*Action item:*
Would you please transcribe the data in full and exactly, excluding images?
********************
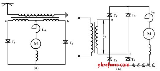 有級(jí)調(diào)速的電力機(jī)車采用不控整流電路,如SS1型電力機(jī)車。根據(jù)整流元件與變壓器繞組連接方式的不同,分為中點(diǎn)抽頭式(簡(jiǎn)稱中抽式)和橋式整流電路兩種。
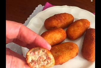 - Formo las croquetas. - Primero les doy forma, yo me ayudo con una cuchara de helado, para coger siempre misma cantidad
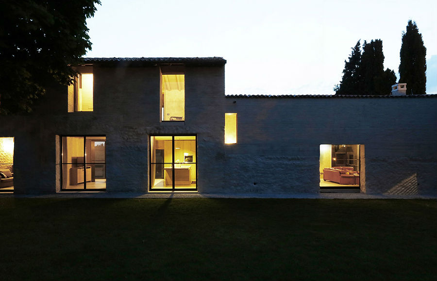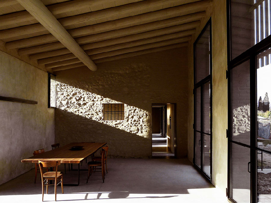 意大利北部维罗纳城外的丘陵加尔达湖附近,某古老的石制谷仓被改建为质朴的别墅建筑。
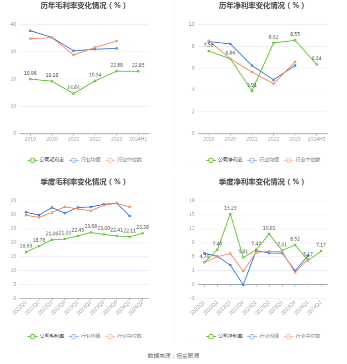 2024年上半年,公司毛利率为22.85%,同比下降0.27个百分点;净利率为6.34%,较上年同期下降3.01个百分点。从单季度指标来看,2024年第二季度公司毛利率为23.38%,同比下降0.30个百分点,环比上升1.27个百分点;净利率为7.17%,较上年同期下降3.74个百分点,较上一季度上升2.00个百分点。
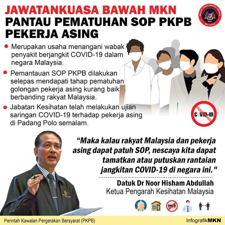 Majlis Keselamatan Negara (MKN) menerusi jawatankuasa sedia ada akan memantau tahap pematuhan prosedur operasi standard (SOP) Perintah Kawalan Pergerakan Bersyarat dalam kalangan pekerja asing sebagai usaha kerajaan memutuskan rantaian jangkitan COVID19 di negara ini. #COVID19#stayathome#dudukdirumah
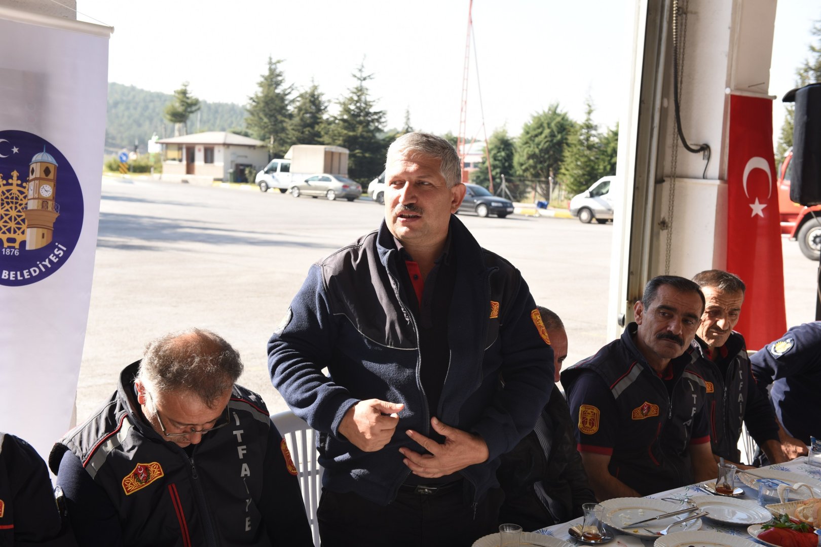 Kahvaltı programı öncesinde konuşma yapan Belediye Başkanı Dr. Halil İbrahim Aşgın itfaiye personelinin gecelerini gündüzlerine katarak özveri ile çalıştığını belirtti.
********************
*Output for this task:*
 有級(jí)調(diào)速的電力機(jī)車采用不控整流電路,如SS1型電力機(jī)車。根據(jù)整流元件與變壓器繞組連接方式的不同,分為中點(diǎn)抽頭式(簡(jiǎn)稱中抽式)和橋式整流電路兩種。
 - Formo las croquetas. - Primero les doy forma, yo me ayudo con una cuchara de helado, para coger siempre misma cantidad
 意大利北部维罗纳城外的丘陵加尔达湖附近,某古老的石制谷仓被改建为质朴的别墅建筑。
 2024年上半年,公司毛利率为22.85%,同比下降0.27个百分点;净利率为6.34%,较上年同期下降3.01个百分点。从单季度指标来看,2024年第二季度公司毛利率为23.38%,同比下降0.30个百分点,环比上升1.27个百分点;净利率为7.17%,较上年同期下降3.74个百分点,较上一季度上升2.00个百分点。
 Majlis Keselamatan Negara (MKN) menerusi jawatankuasa sedia ada akan memantau tahap pematuhan prosedur operasi standard (SOP) Perintah Kawalan Pergerakan Bersyarat dalam kalangan pekerja asing sebagai usaha kerajaan memutuskan rantaian jangkitan COVID19 di negara ini. #COVID19#stayathome#dudukdirumah
 Kahvaltı programı öncesinde konuşma yapan Belediye Başkanı Dr. Halil İbrahim Aşgın itfaiye personelinin gecelerini gündüzlerine katarak özveri ile çalıştığını belirtti.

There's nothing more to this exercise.